When estimating/speculating like this, as a general rule, you want as few different parameters as possible, and in that respect the HD 5850 is, in my opinion, the best choice: apart from a factor of 2 on just about everything you can double on a board, the only difference on the HD 5970 is 160 more SPs enabled on each GPU.
 
There could be a LOT different for NVIDIA considering the hot-clocked ALUs as a simple example. Different architectures even more simple.

As for the Evergreen comparisons I'll twist it the other way around: if a 2GB/ 5870@850MHz has a TDP of 228W if I'd add to that one a theoretical 50% I'll end up at 342W. Minus the 14.7% frequency difference = 292W

That's the catch with dumb layman's math exactly: all roads can lead to Rome :p

If you're referring to the HD 5870 Eyefinity Six then its not only the additional 1 GB of memory which adds to the TDP, the card's TDP is also rated while using all six display outs vs a normal HD 5870 which is rated while using three display outs. Only Dave will be able to tell us how much extra power enabling three more display outs takes.

And as mentioned a significant factor while selecting chips for mGPU is binning. A reduction in voltage by 10% allows a reduction in power by 21%. If the dual GPU card is using a single fan it saves power there as well compared to two single cards(Maybe 5-10 watts for the fan alone). PLX chip probably does not consume more than a few watts. Also only one of the GPU's has to drive the displays i think which again saves a few watts
 
If you're referring to the HD 5870 Eyefinity Six then its not only the additional 1 GB of memory which adds to the TDP, the card's TDP is also rated while using all six display outs vs a normal HD 5870 which is rated while using three display outs. Only Dave will be able to tell us how much extra power enabling three more display outs takes.

And as mentioned a significant factor while selecting chips for mGPU is binning. A reduction in voltage by 10% allows a reduction in power by 21%. If the dual GPU card is using a single fan it saves power there as well compared to two single cards(Maybe 5-10 watts for the fan alone). PLX chip probably does not consume more than a few watts. Also only one of the GPU's has to drive the displays i think which again saves a few watts

That's exactly the reason why I call it dumb layman's math, because there are a ton of factors that one would have to regard and it's not such a simple equation as any of the above.

But when you start comparing single and dual-GPU boards with different clocks, you throw things off because of potential voltage differences. And I don't think looking at the 2GB HD 5870 is a good idea, because that's not relevant to the GTX 460/dual-GF104 case, where the amount of memory would double.

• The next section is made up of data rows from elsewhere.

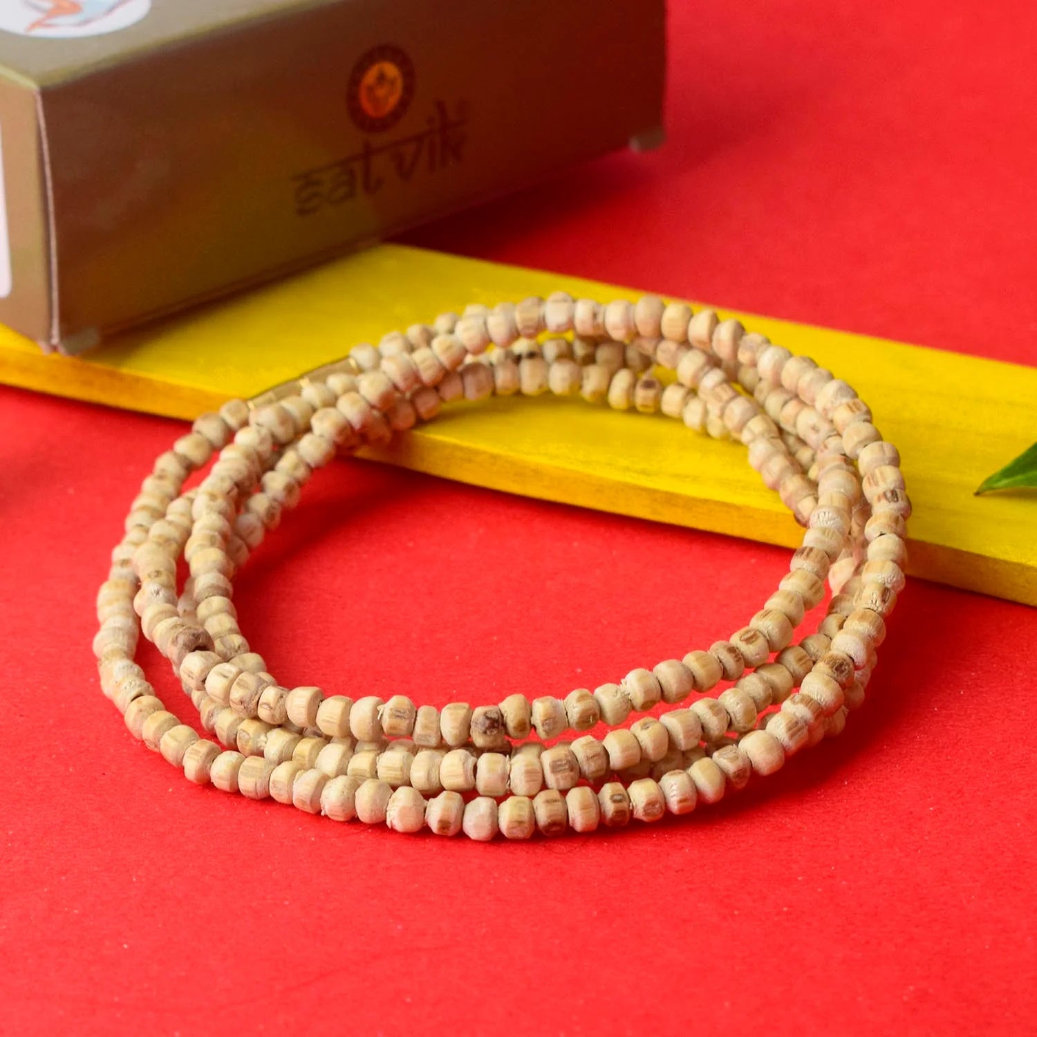 A genuine Tulsi Mala is crafted from the thin branches of the Tulsi plant, after carefully removing its outer skin (bark). This process ensures that the beads retain the sacred properties of Tulsi, making them spiritually powerful.
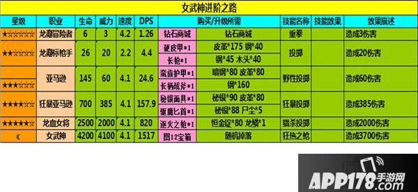 在这个分支进阶过程中,有6个阶段分别是:龙裔冒险者、龙裔标枪手、亚马逊、狂暴亚马逊、龙血女将、女武神。
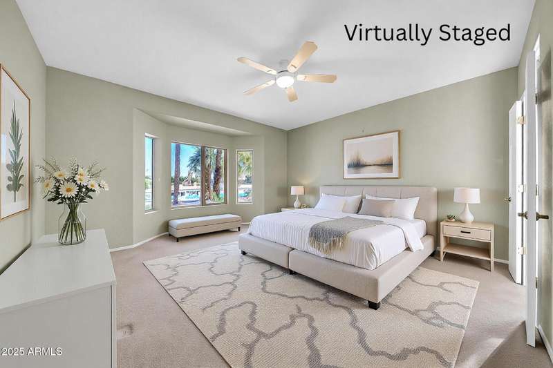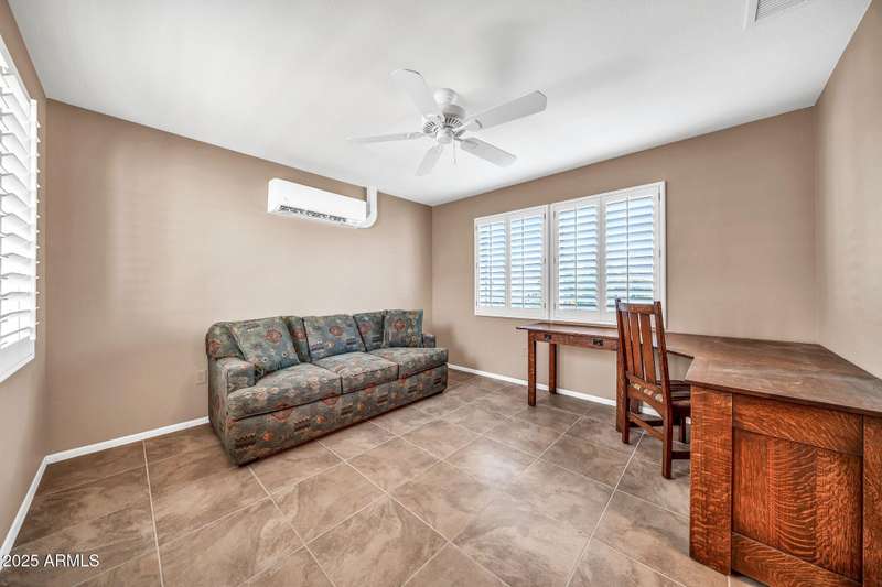 Beautifully maintained home in the heart of The Grand, Surprise's premier 45+ active adult community. This property offers 2 spacious bedrooms plus a den/office, 3 full baths, and a private full casita, ideal for guests. Located on the Desert Springs Golf Course, this home overlooks a picturesque par-3 hole with a tranquil water feature, providing peaceful views and a perfect backdrop for relaxing or entertaining. The extended covered patio is ideal for enjoying Arizona's beautiful weather and breathtaking sunrises. Inside, the home features an open, light-filled floor plan that has personality and charm. The primary suite includes a walk-in closet and a well-appointed bath.
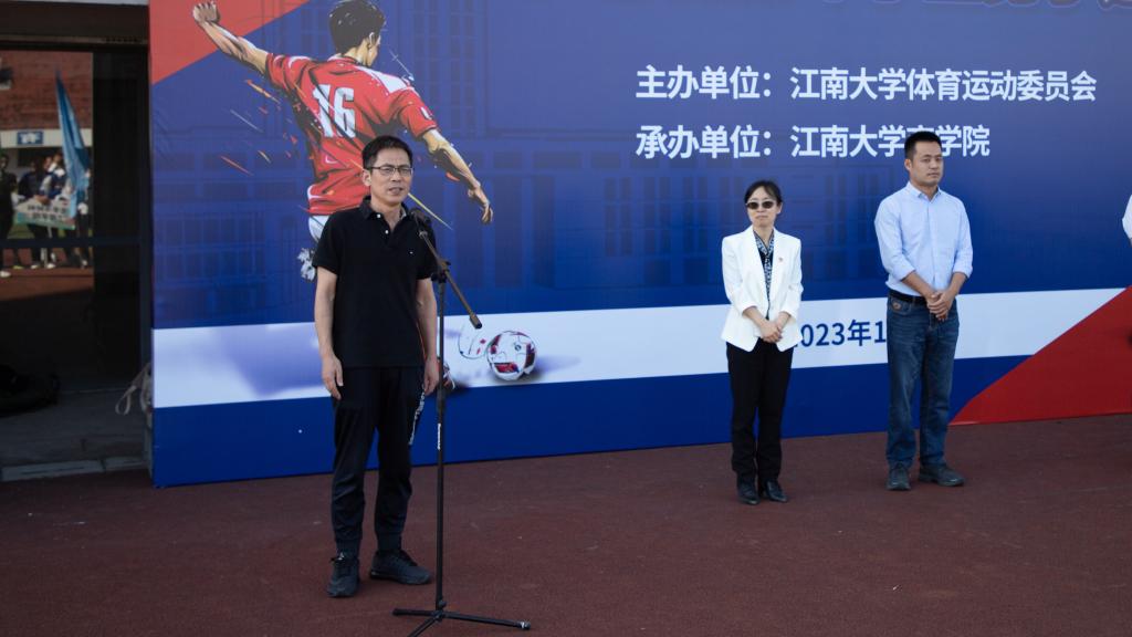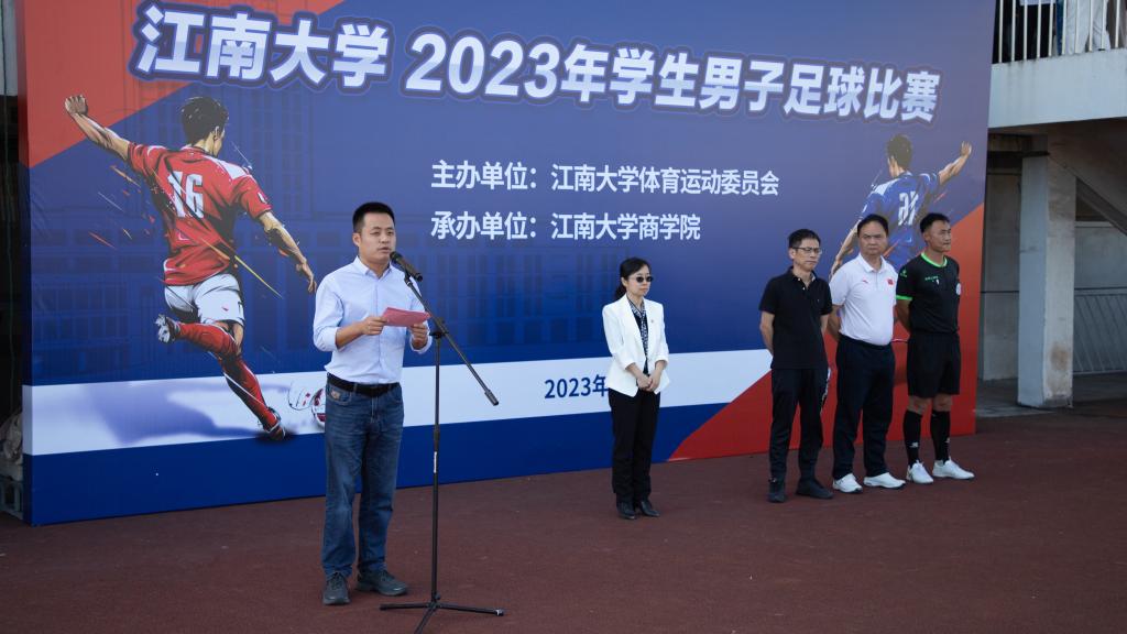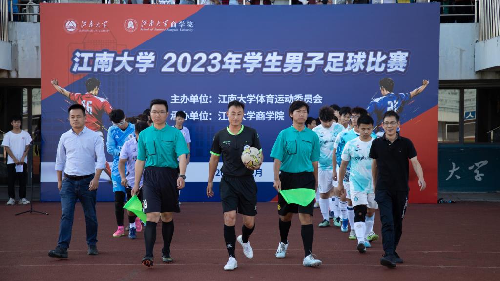 11月1日下午,江南大学2023年学生男子足球比赛开幕式在体育中心成功举办。本次比赛由江南大学体育运动委员会主办,西港娱乐 承办。西港娱乐 院长浦徐进、体育部党总支书记周建中、西港娱乐 党委副书记兼副院长徐静、群体竞训管理办公室主任龚宁、男子足球赛裁判长蒋铮璐及各学院负责体育精神培育工作的辅导员出席开幕式。仪式在庄严的国歌声中拉开帷幕。
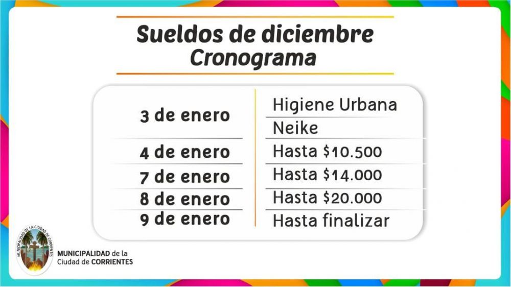 La Municipalidad de la ciudad de Corrientes informó que el jueves 3 arranca el pago a empleados municipales, inicia el cronograma Higiene Urbana y Neike, continúa el 4 de enero hasta 10.500
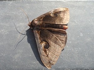 Eine Motte mit dem Yin Yang-Symbol auf den Flügeln -zwar nicht sonderlich bunt, aber besser als eine Skorpionswanze
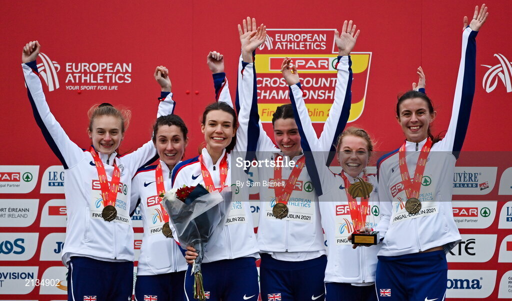 12 December 2021; Senior Women's 8000m team gold medalists, Team GB celebrate with their medals and trophy during the medal ceremony at the SPAR European Cross Country Championships Fingal-Dublin 2021 at the Sport Ireland Campus in Dublin. Photo by Sam Barnes/Sportsfile
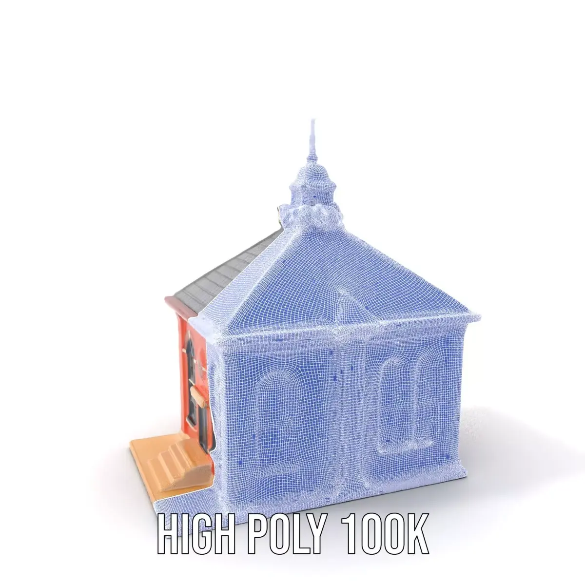 This Brick Chapel model pack features a classic architectural design using vibrant red bricks and a distinct tiled roof crowned with a golden cross.
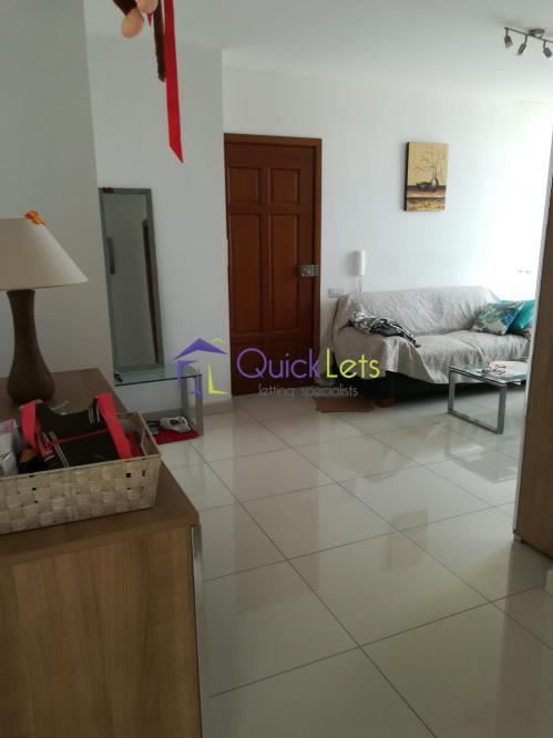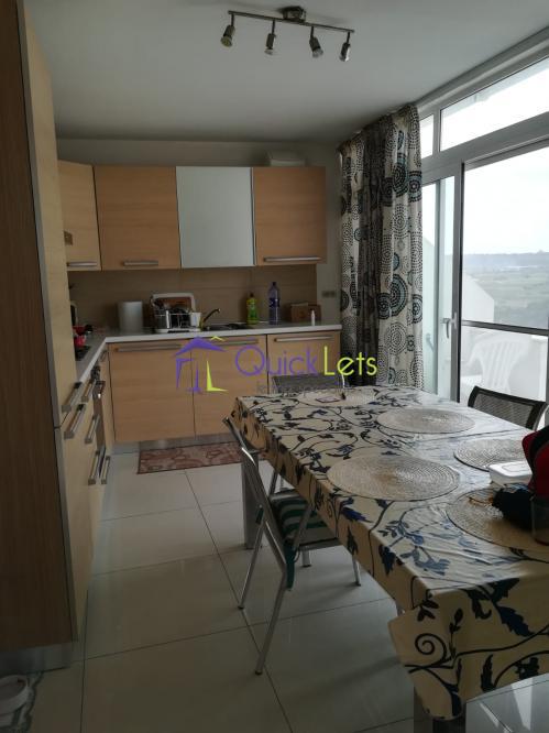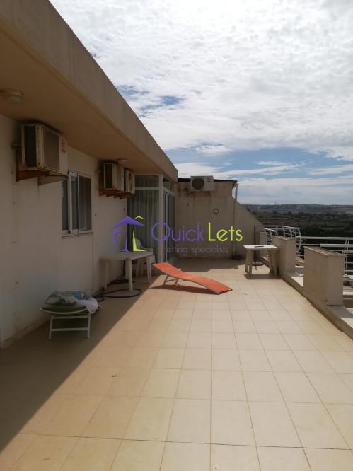 BUGIBBA - Cosy two bedroom Penthouse in Bugibba. Layout comprises an open plan kitchen/dining/living area, leading to a front big terrace with BBQ area perfect for entertaining. Main bedroom is with double bed and en suit bathroom, second bedroom with one single bed. Have a guest bathroom. Full AC. Close to bus station and all your daily amenities.

When estimating/speculating like this, as a general rule, you want as few different parameters as possible, and in that respect the HD 5850 is, in my opinion, the best choice: apart from a factor of 2 on just about everything you can double on a board, the only difference on the HD 5970 is 160 more SPs enabled on each GPU.

When you have a 160W TDP as a starting point like with a GTX460 I don't see where the whole impossible thing actually lies to get out of that thing with slightly higher clocks a GX2 which is still within the 300W barrier. If the TDP would be =/>180W I wouldn't have a single reason not to agree with you. In the meantime rumors are increasing that their planned GX2 might have been canceled, which makes this debate sillier than it already is.

For all its worth the GTX460 was released in July (?) and unless only press samples were on A1 and commercially available chips where A2 after all, who says that with a metal-spin they couldn't have had chances for even better parameters? Or in the end that thing is as problematic as GF100 and all 8 SMs can't be enabled without problems. From what I recall the GTX295 chips had a B3 stamped on them, while the earlier GTX260/216 (GT200@55nm) were B2 chips with a 171W TDP@576/1242/896. Now fiddle around with it as much as you please 289 isn't twice as much as 171.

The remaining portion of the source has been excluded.